Post by polymath » December 1st, 2013, 11:08 pm

The only way a writer or publisher can have total peace of mind from litigation about using anyone else's intellectual property is to ask and receive express permission for the publication use. Without express permission, the best practice is to seek expert legal advice, However, iintellectual property attorneys are among the most costly of attorneys. Other attorney banned word in other areas of the law are not competent to give intellectual property law advice. Like much of the rest of society, they may be under illusions that incidental uses are unfettered, allowable uses. Incidental use is not a blanket protection in any sense of legal due diligence duties.

Incidental use is an intellectual property court respondent's affirmative defense for using a trademark or copyright or patent not owned by the respondent. Incidental use is not on its face a valid excuse to use an intellectual property without express permission. One of many infringment claimant' answer and counterclaims to an incidental use claim is a claim of dimunition of value from the use. Dimunition of value is a powerful doctrine of trademark law.

The intellectual property court claimant and respondent process goes round and round in a complex mryiad of claim and counterclaim. claim and response, answer and rebuttal, interrogatory and answer, subpoena and injunction and cease and desist demand and other demands when both sides have the resources, the means and the motivations, and legal standing to pursue litigation. Legal costs in intellectual property cases are enormous, not to mention damages awards. On top of that, the winning side may claim legal expense recovery from the loosing side and win that claim too.

Intellctual property infringments and court cases follow the money of deep pockets. In some cases a respondent infringing may be liable for damages that confiscate all the infringer's assets. In some cases, if there's no money in litigation, other remedies exist for claimants: injunctions against further sales, discontinuing publication, and recall demands, for example. In some cases, writers and publishers get away with infringing uses simply because an intellectual property owner is not made aware of the infringment, can't be bothered with trifles, or couldn't care less. In some cases, intellectual property owners will use the full extent of legal remedies and not be bothered about the expense.

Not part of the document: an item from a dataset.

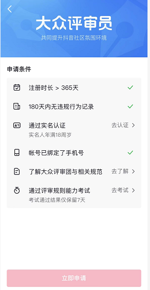 参加大众评审团的用户需要是绑定了手机号的用户,需要年满18周岁,注册时长超过一年,180天内无违规行为记录,并且需要通过评审规则能力考试。
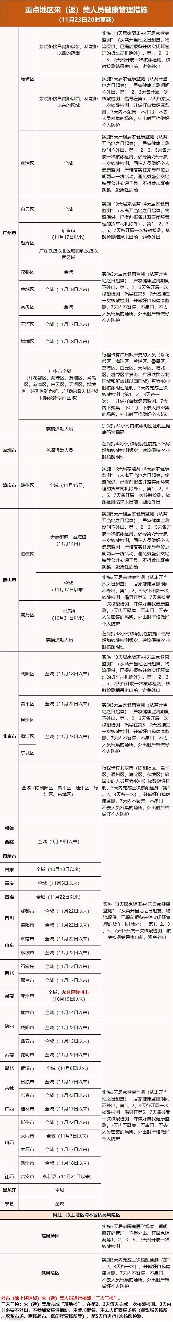 详情请查看“东莞疾控”微信号每日发布的《东莞疾控最新提醒》涉及地区的管理措施。

A straightforward dimunition of value claim may trump an incidental use claim and have superior legal standing due to the one certain prescriptive aspect of intellectual property law: Express permission is an inalienable legal requirement, with a few narrowly construed exceptions. Regardless, all intellectual property disputes are subject to and only heard in proper jurisdictions of law; to wit, federal intellectual property courts. Local, regional, or state jurisdictions may have standing in a few legal areas in select jurisdictions; however, intellctual property disputes have superior federal court jurisdiction.

Rumors that using trademarks are protected for incidental uses are not expert legal advice, which is a best practice in any regard. What constitutes incidental use is open to legal interpretation only in a proper court of law, not open to public opinions that are little more than gossip and superstition. One extreme of possibles is a trademark owner may believe that a use, however incidental or infringing, may be valuable publicity no matter how derogatory or neutral or favorable a use is. The other extreme may believe that any use is infringing, no mnatter how favorable, and have substantial legal standing for that position.

For peace of mind and as the most economical best practice, ask and receive express permission before using for publication anyone else's intellectual property.